Second, when the “Yes Men” took a satiric cheap shot at Canada’s Copenhagen underperformance, the Tories reacted with image control as in censorship. This is low-rent bullying pure and simple, which as a side-effect nuked 4,500 innocent Web sites. Is this the kind of country I want to be a citizen of?

Third, when things started getting a little hot in Parliament around year-end, the Tories decided to run not fight, as in shutting the House of Commons down till March. A good place to catch up on this issue is, oddly enough, over on Facebook, where the Canadians Against Proroguing Parliament group will have over 100,000 members by the time you read this, and is growing fast.

Fourth, they recently spent fifty grand on PR expenses in Washington DC. This is a perfectly reasonable thing for Canada to do, except for, they spent it on Republican hack Ari Fleischer, Dubya’s spokesman, who organized dinner with Harper for a collection of prominent Washington right-wingers: Charles Krauthammer, David Frum, Peggy Noonan, David Brooks, Anne Applebaum, Fred Barnes, William Kristol, and Laura Ingraham. This was in March 2009, maybe six weeks after the inauguration of Barack Obama, who, you know, won the election in the face of ferocious opposition from precisely this cabal of Iraq war cheerleaders, Palin boosters, Fox News bobbleheads, and fundamentalist Bible-thumpers.

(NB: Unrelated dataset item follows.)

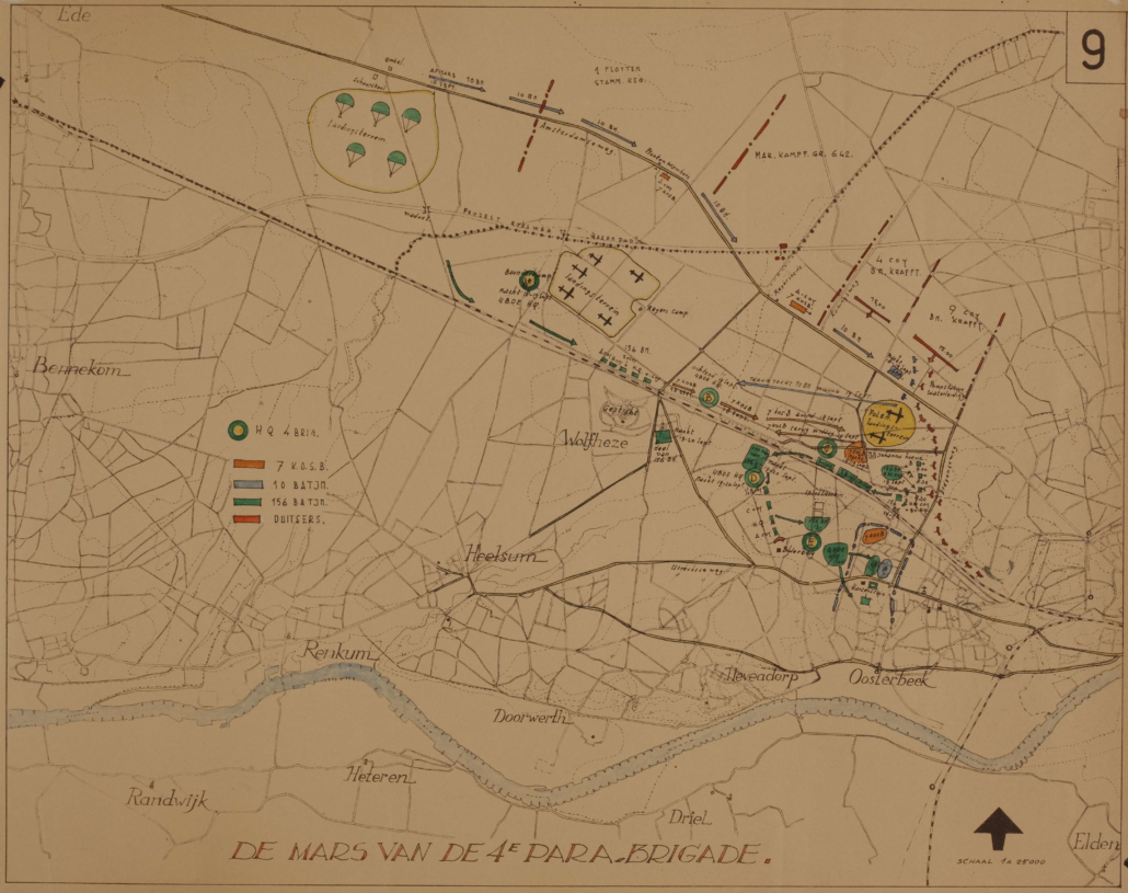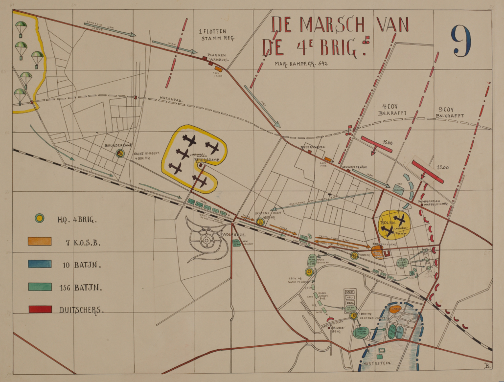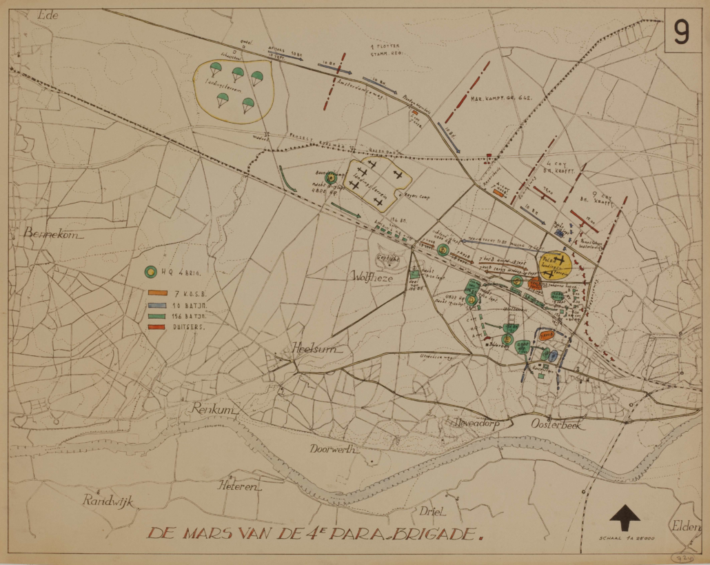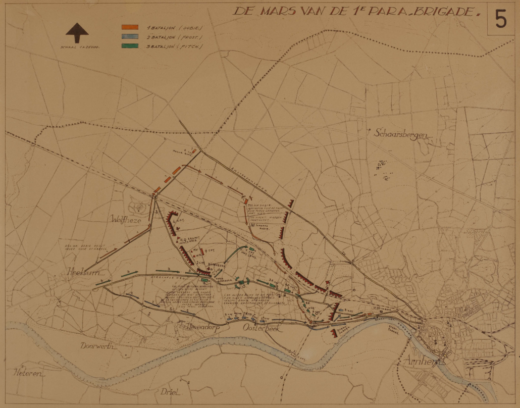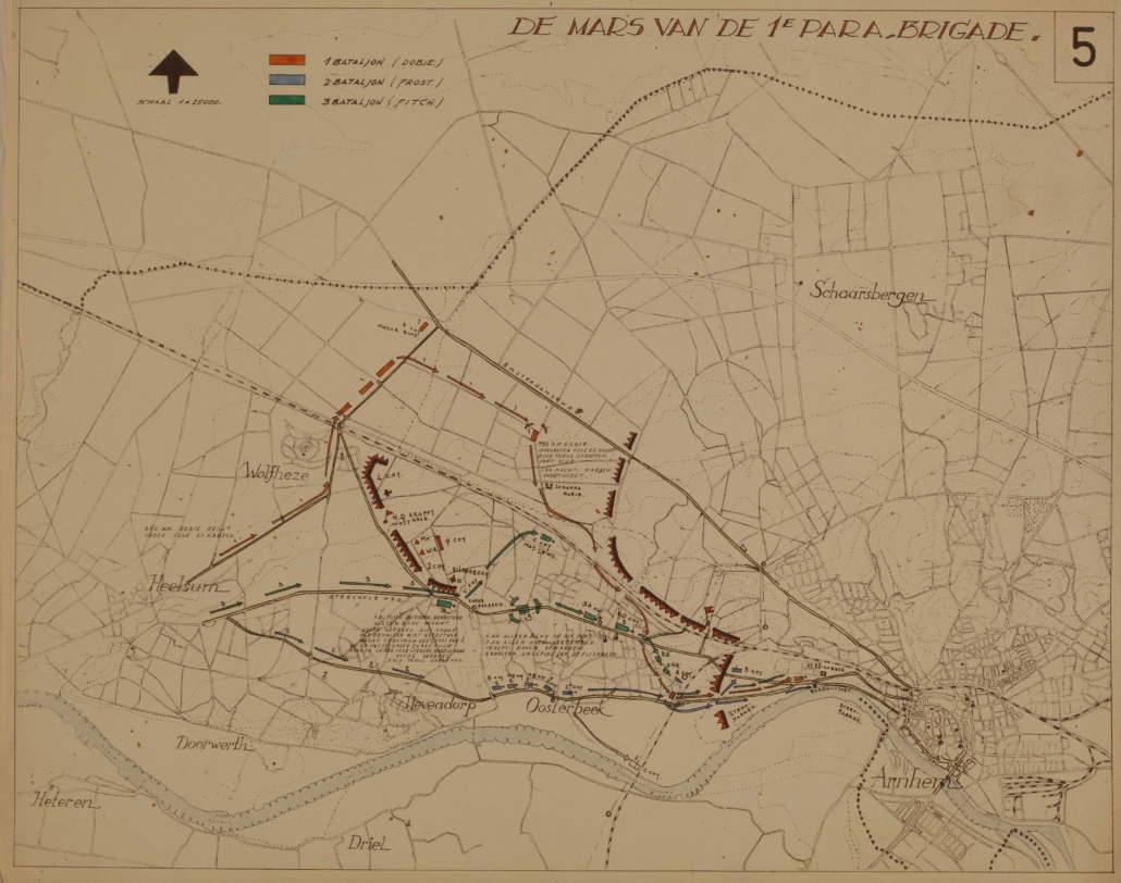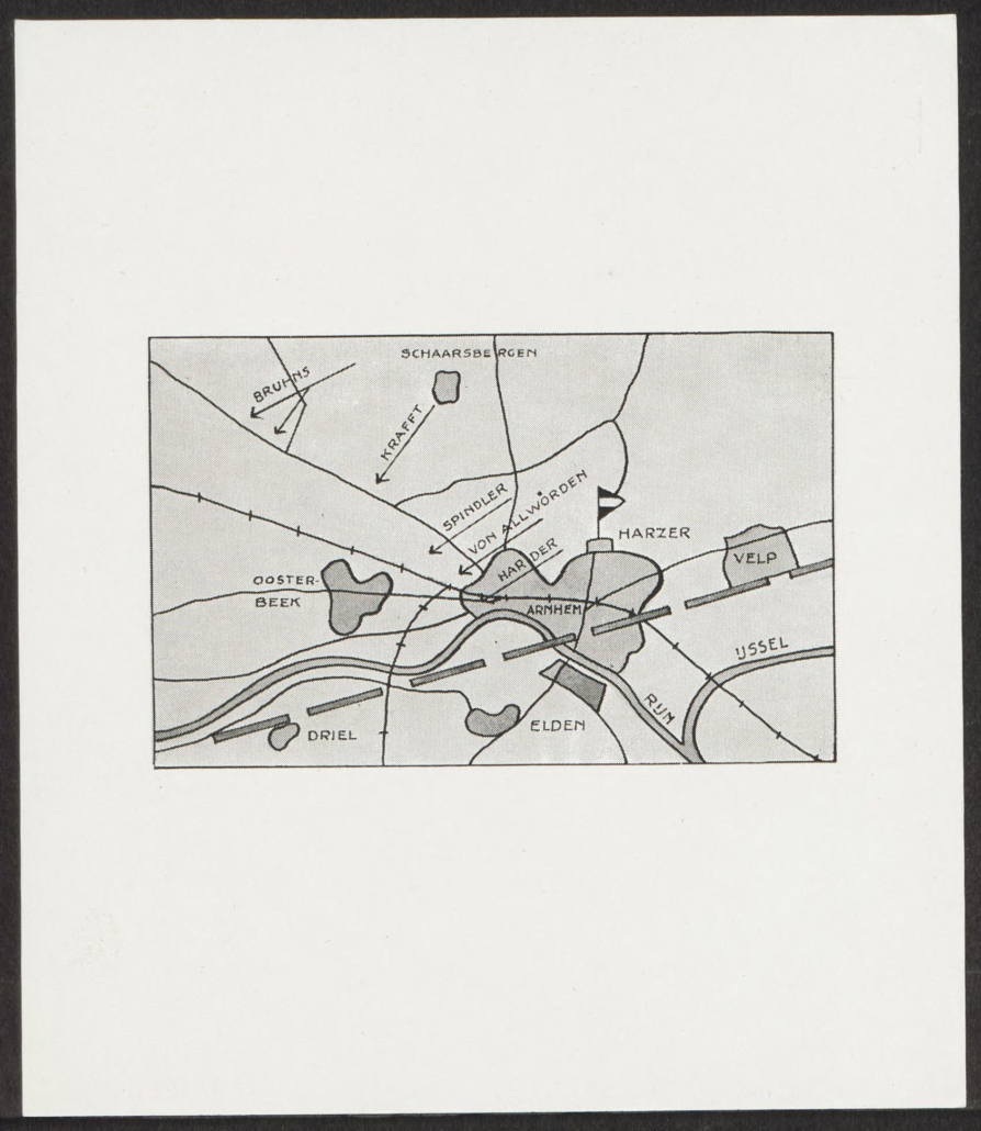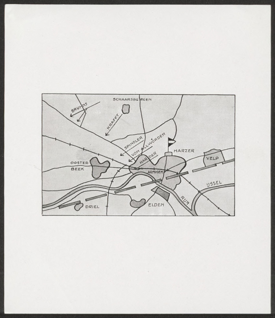 N.B. Lichtdrukken van (niet meer aanwezige) calques, door de Arnhemse Dienst van Gemeentewerken vervaardigd op aanwijzingen van Boeree, aan de hand van de in nr. 51 vermelde originele getekende kaarten. Van kaart 2 is kennelijk geen calque gemaakt; in elk geval ontbreekt de lichtdruk. Toegevoegd is een nieuwe kaart 5: “De marsch van de 1e Para-Brigade”; de oorspronkelijke kaart 5 (“De mislukte doorbraak”) heeft hier het nummer 5a gekregen. De gegevens van kaarten 8 en 12 zijn hier op één blad gecombineerd. Van een aantal kaarten zijn meer exemplaren aanwezig.

Think the Democrats noticed? Me too. Way to burn taxpayers’ money on cultivating the losers and blowing off the winners, guys.

What’s Next? · The problem with being pissed at the Tories is that the alternatives aren’t that great. The Liberals, Canada’s party of the great squishy center, are exciting approximately nobody with the leadership of Michael Ignatieff, who seems like a bright guy in theory but smarmy and predictable in practice.

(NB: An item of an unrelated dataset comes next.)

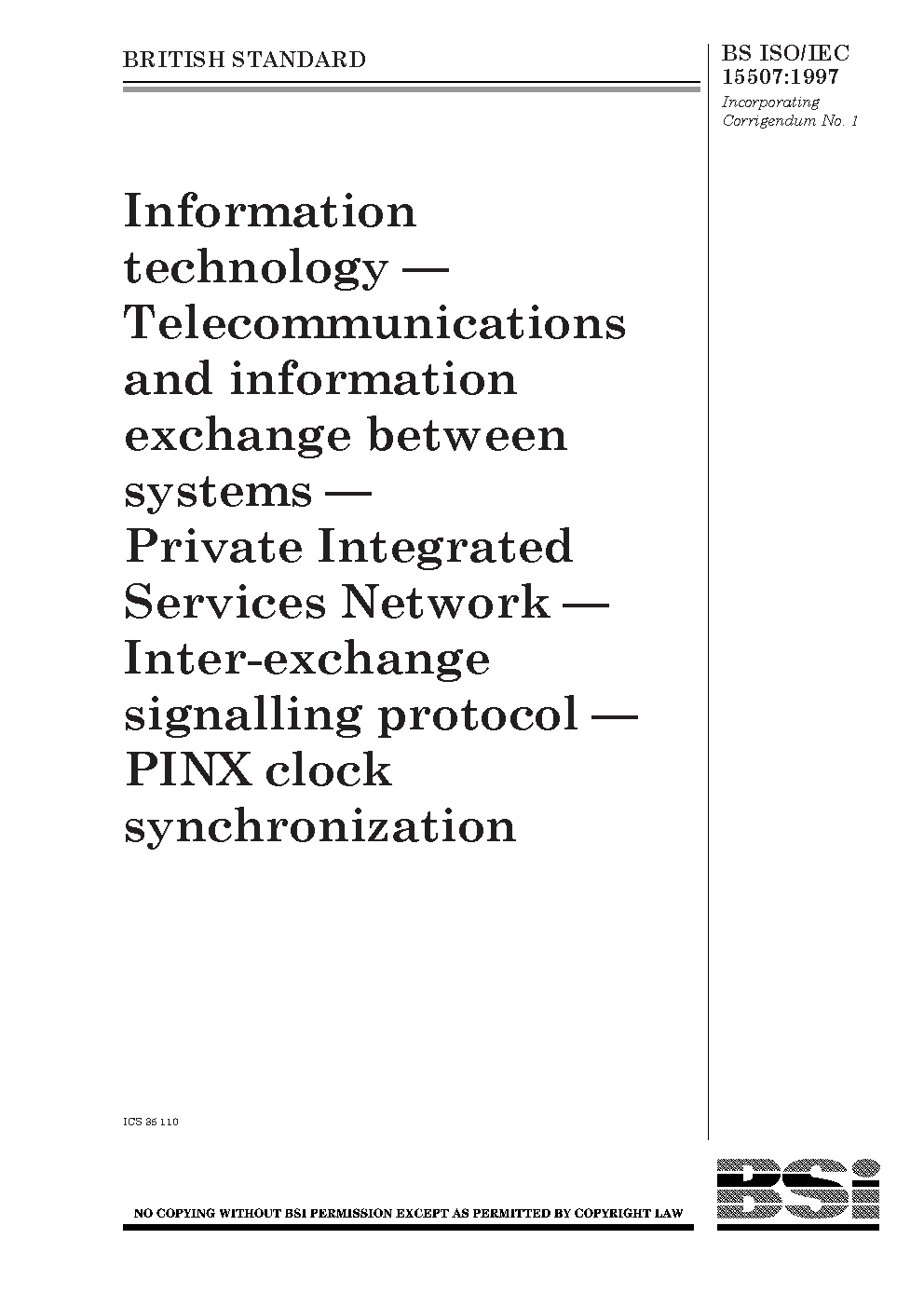 Information technology. Telecommunications and information exchange between systems. Private Integrated Services Network. Inter-exchange signalling protocol. PINX clock synchronization

There’s been some talk of dumping him in favor of Bob Rae and I’m actually sort of friendly to that idea because Rae seems like a Good Person. And as @BobRaeMP, he occasionally skips political posturing and exhibits what seems like a human voice.

The NDP are our Social Democrats (Americans: You’d say “Commies”) and have gotten my vote a few times over the years, but Jack Layton panders inexcusably and just gets up my nose; also their performance on Green issues is pretty weak.

The Green Party is probably my vote’s natural home these days, but they’ve fumbled tactically and in a complex three-party election, I might end up voting tactically.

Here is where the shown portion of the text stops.